The Liberry Teacher was aghast at herself. She hadn't meant to wish such a very unmaidenly thing so hard. She jumped up and dashed across the room and began frantically to shelf-read books, explaining meanwhile with most violent emphasis to the listening Destinies:

"I didn't-oh, I didn't mean a real husband. It isn't that I yearn to be married to some good man, like an old maid or a Duchess novel. I-I just want all the lovely things Eva has, or any girl that marries them, without any trouble but taking care of a man. One man couldn't but be easier than a whole roomful of library babies. I want to be looked after, and have time to keep pretty, and a chance to make friends, and lovely frocks with lots of lace on them, and just months and months and months when I never had to do anything by a clock-and-and a rose-garden!"

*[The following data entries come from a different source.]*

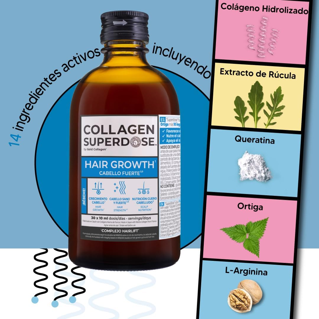 COLLAGEN SUPERDOSE BY GOLD COLLAGEN Strong Hair – Liquid Complement Hair Skin Nails with Hydrolyzed Marine Collagen, Vitamin C, Biotin, Zinc Selenium, Hair Loss and Growth, 300 ml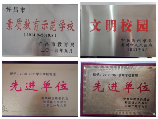 我校也于2014年9月獲得許昌市素質(zhì)教育示范學(xué)校榮譽(yù)稱(chēng)號(hào)、2021年3月獲得禹州市文明校園榮譽(yù)稱(chēng)號(hào)、連年獲得神垕鎮(zhèn)教育總支頒發(fā)的先進(jìn)單位榮譽(yù)稱(chēng)號(hào)。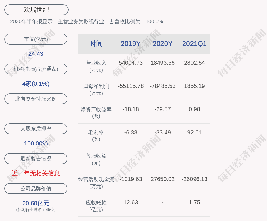 2020年半年报显示,欢瑞世纪的主营业务为影视行业,占营收比例为:100.0%。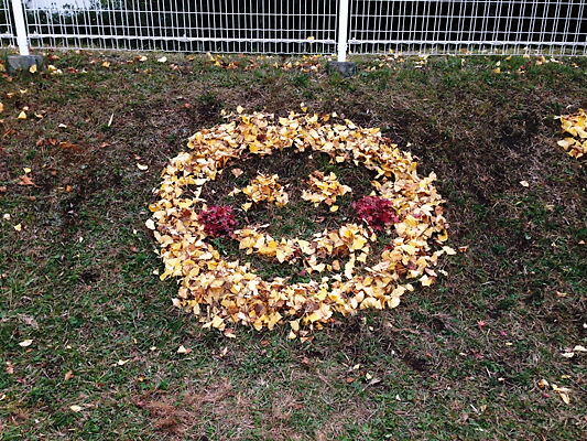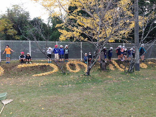 黄色く色づいていた学校のイチョウの木も、12月に入り、たくさん葉を落とすようになってきました。あまりにもきれいなので、何かできないかと考え、4年生が、図工の授業「自然をつかった造形」として落ち葉で文字をかきました。運動場の斜めの土手を利用して描いたので、校舎からも文字を読むことができます。他の学年の子どもたちや先生方からも「すごいね。」「いいね。」と言ってもらえ、みんなが笑顔になるようにとの思いも込めて作った大きな作品に子どもたちも大満足でした。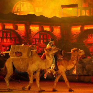 “出发喽!”随着驼夫号子响起,几峰驮着货物的骆驼从驿站前缓缓走过,后面跟着挑扁担的货郎和推小车的工匠。一支走西口的商队,从历史深处走来,走到莫尼山非遗小镇,为游客呈现了一场沉浸式实景剧《莫尼山礼赞》。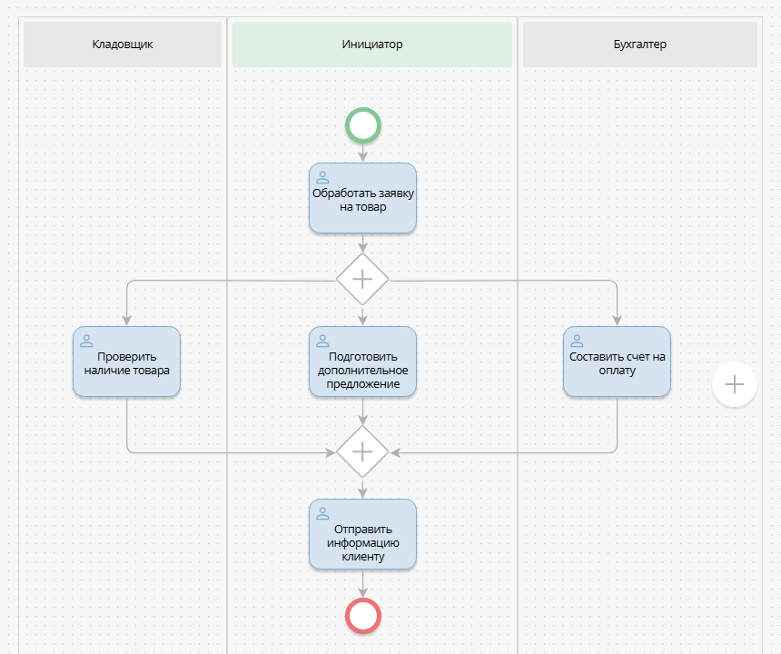 Особенность этих элементов BPMN заключается в том, что выходящие из шлюзов ветки процесса выполняются одновременно. При этом блок-схема их использования предусматривает один открывающий шлюз и один закрывающий. Процесс не пойдет дальше, пока все ветви не будут выполнены, т.е. не закончатся закрывающимся шлюзом. Если в одном из этих шлюзов используется вложенный аналогичный шлюз, он тоже должен иметь открывающий и закрывающий элемент - закрывать родительский и дочерний шлюз одним элементом нельзя. Также логика работы параллельного И-шлюза предусматривает только один входящий и один исходящий переходы.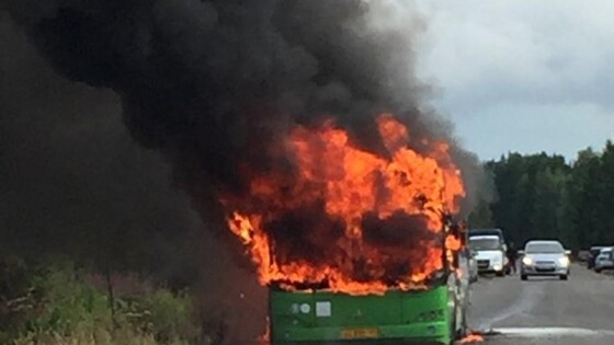ЧП произошло вечером 19 июля у деревни Стрельниково в Калининском районе. Загорелся рейсовый автобус № 104 "Центральный рынок - посёлок Металлистов. Пламя быстро охватило все транспортное средство. Уточняется, что в салоне автобуса были пассажиры.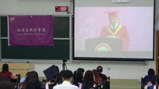 出席研究生会场的嘉宾有叶祥松教授、学院副院长邹文理、金融专硕常务副主任陈琼、教师代表及辅导员;出席本科生会场的嘉宾有学校基建处副处长孟强、学院副院长尹居良、副院长邹文理、副院长冯锐、教师代表、班主任代表及辅导员。
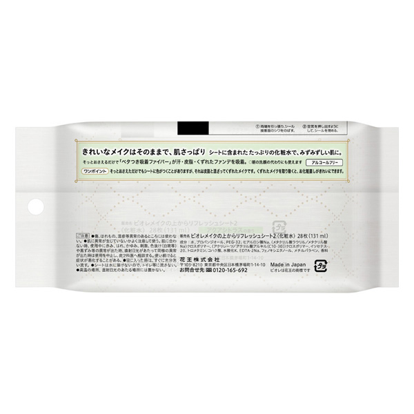 きれいなメイクはそのままで、肌さっぱり。大判ウェットタイプのシートに含まれたたっぷりの化粧水で、みずみずしい肌に。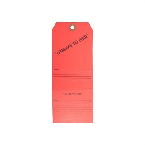 Las etiquetas de papel en un brillante color rojo con letras negras indican claramente que un arma es insegura para disparar. Son perfectas para armas que simplemente no se pueden reparar, cuando las piezas no están disponibles, o cuando un cliente te dice que es el arma de su abuelo y quiere colgarla sobre la chimenea.

This last idea was dangerous. It isn't a good thing, if you want to be contented with your lot, to think of rose-gardens in a stuffy city library o' Saturdays; especially when where you were brought up rose-gardens were one of the common necessities of life; and more especially when you are tired almost to the crying-point, and have all the week's big sisters back of it dragging on you, and all its little sisters to come worrying at you, and-time not up till six.

But the Liberry Teacher went blindly on straightening shelves nearly as fast as the children could muss them up, and thinking about that rose-garden she wanted, with files of masseuses and manicures and French maids and messenger-boys with boxes banked soothingly behind every bush. And the thought became too beautiful to dally with.

"I'd marry anything that would give me a rose-garden!" reiterated the Liberry Teacher passionately to the Destinies, who are rather catty ladies, and apt to catch up unguarded remarks you make. "Anything-so long as it was a gentleman-and he didn't scold me-and-and-I didn't have to associate with him!" her New England maidenliness added in haste.

Then, for the librarian who cannot laugh, like the one who reads, is supposed in library circles to be lost, Phyllis shook herself and laughed at herself a little, bravely. Then she collected the most uproarious of her flock around her and began telling them stories out of the "Merry Adventures of Robin Hood." It would keep the children quiet, and her thoughts, too. She put rose-gardens, not to say manicurists and husbands, severely out of her head. But you can't play fast and loose with the Destinies that way.

"Done!" they had replied quietly to her last schedule of requirements. "We'll send our messenger over right away." It was not their fault that the Liberry Teacher could not hear them.